[!NOTE] This syllabus is a living document and subject to change as the course progresses.

Instructor: Carl Boettiger
Location: Room 166 - Social Sciences Building
Time: M/W 10:00 - 11:30

Course Overview

This course explores the cutting edge of data science for environmental problem solving, with a focus on reproducible, collaborative, and scalable workflows. In Spring 2026, we adopt an AI-augmented, agent-first methodology, moving beyond syntax memorization to architecting, prompting, auditing, and deploying solutions.

The curriculum is structured around 5 Core Modules over 15 weeks, allowing us to go deep into technical stacks and theoretical frameworks. We will leverage the R ecosystem, integrating modern tools for high-performance computing and AI.

Before we begin, please ensure you have completed the Compute Setup.

The Agent-First Methodology

  • Architect: Design data flows and system architecture.
  • Prompt: Direct AI implementation effectively.
  • Audit: Verify outputs and ensure reproducibility.
  • Deploy: Ship robust, scalable solutions.

Course Modules

Module 1: The AI-Data Analyst

Duration: Weeks 1-4
Focus: AI-assisted coding, high-performance tabular data, visualization.

  • Core Concepts:
    • Reproducible environments (DevContainers, Codespaces).
    • High-performance queries with DuckDB and Parquet via duckdbfs within the tidyverse.
    • Interactive dashboards with Shiny.
    • Data cleaning and visualization pipelines.
  • Deep Dive: Advanced SQL strategies, optimization of data pipelines, and implementing rigorous data validation frameworks using pointblank or similar R tools.
  • Project: Build an interactive emissions dashboard.

Module 2: Spatial Data & Environmental Justice

Duration: Weeks 5-7
Focus: Geospatial analysis, cloud-native formats, EJ lens.

  • Core Concepts:
    • Vector Data: Analysis with DuckDB Spatial.
    • Raster Data: Scalable processing with gdalcubes.
    • Cloud-native geospatial formats (COG, GeoParquet).
    • Mapping environmental impacts (e.g., data centers, biodiversity).
    • Introduction to Geospatial Foundation Models.
  • Deep Dive: Handling massive geospatial datasets, custom coordinate reference systems discussions, and critical data studies applied to Environmental Justice.
  • Project: Map and analyze environmental impacts of infrastructure.

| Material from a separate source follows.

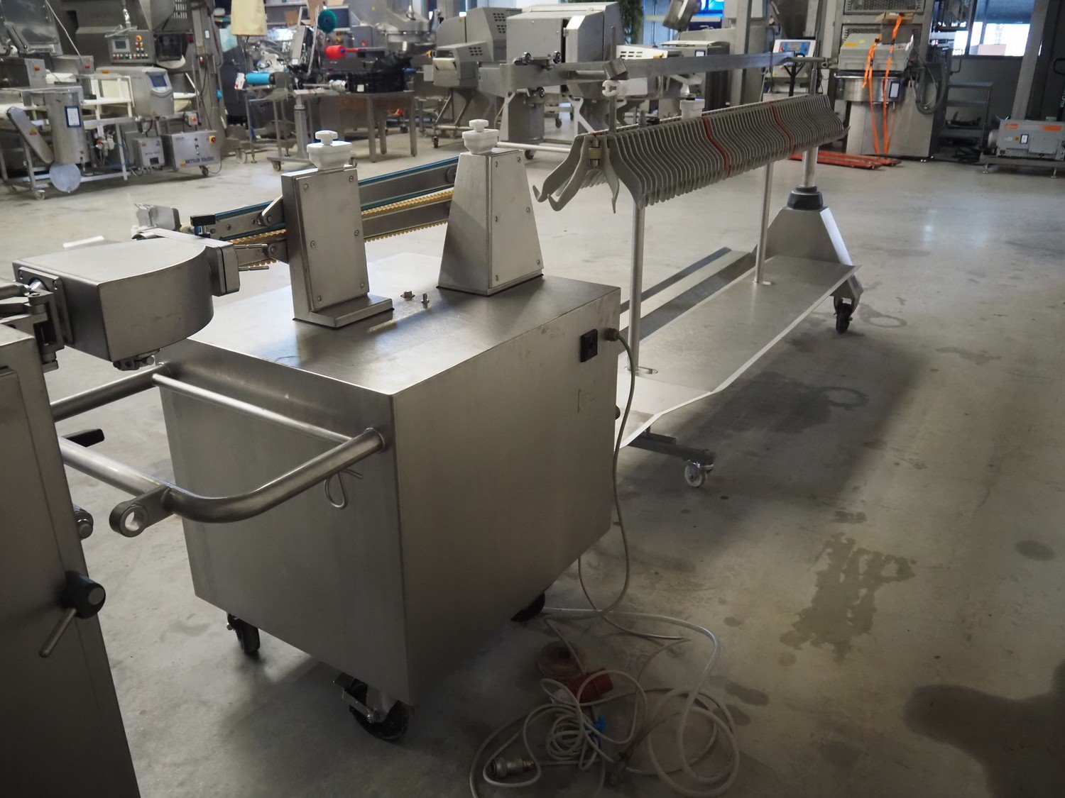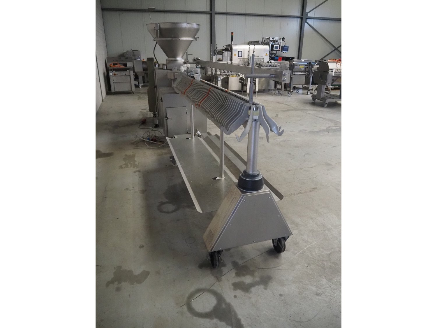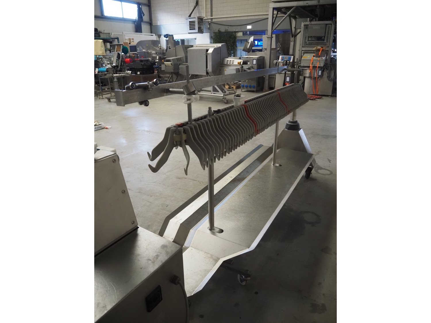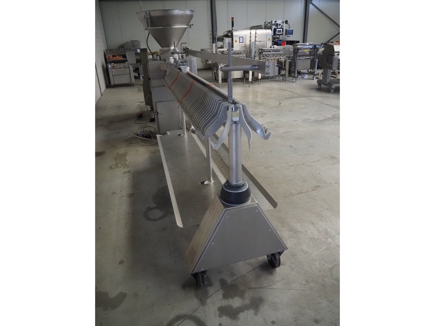 Handtmann mobile linking and hanging line, type linking machine: 217-21, number: 547, year of construction: 2018, 400 V, 3 Ph, 50 Hz, 6 A, 3.5 kW, weight: 290 kg, dimensions: 1300 mm x 700 mm x 1200 mm, type hanging line: 242-16, number: 10903516, year of construction: 2018, weight: 210 kg, dimensions: 2550 mm x 720 mm x 1400 mm. Including extra parts. Kavel locatie: Makkummerwaard 3, 8321 WV Urk, Nederland

Module 3: Working with LLMs & Unstructured Data

Duration: Weeks 8-10
Focus: R-based LLM tools, Structured Outputs, Unstructured data extraction.

  • Core Concepts:
    • Leading edge of R LLMs using Posit PBC tools:
      • ellmer for programmatic LLM interaction.
      • mcptools for Model Context Protocol integration.
      • ragnar (RAG implementations).
      • vitals (https://vitals.tidyverse.org/) for model evaluation.
    • Extracting structured data (JSON) from unstructured text (PDFs, reports).
  • Deep Dive: Comparing local vs. cloud models, fine-tuning considerations, and evaluating LLM outputs for scientific rigor.
  • Project: Extract and analyze data from corporate sustainability reports.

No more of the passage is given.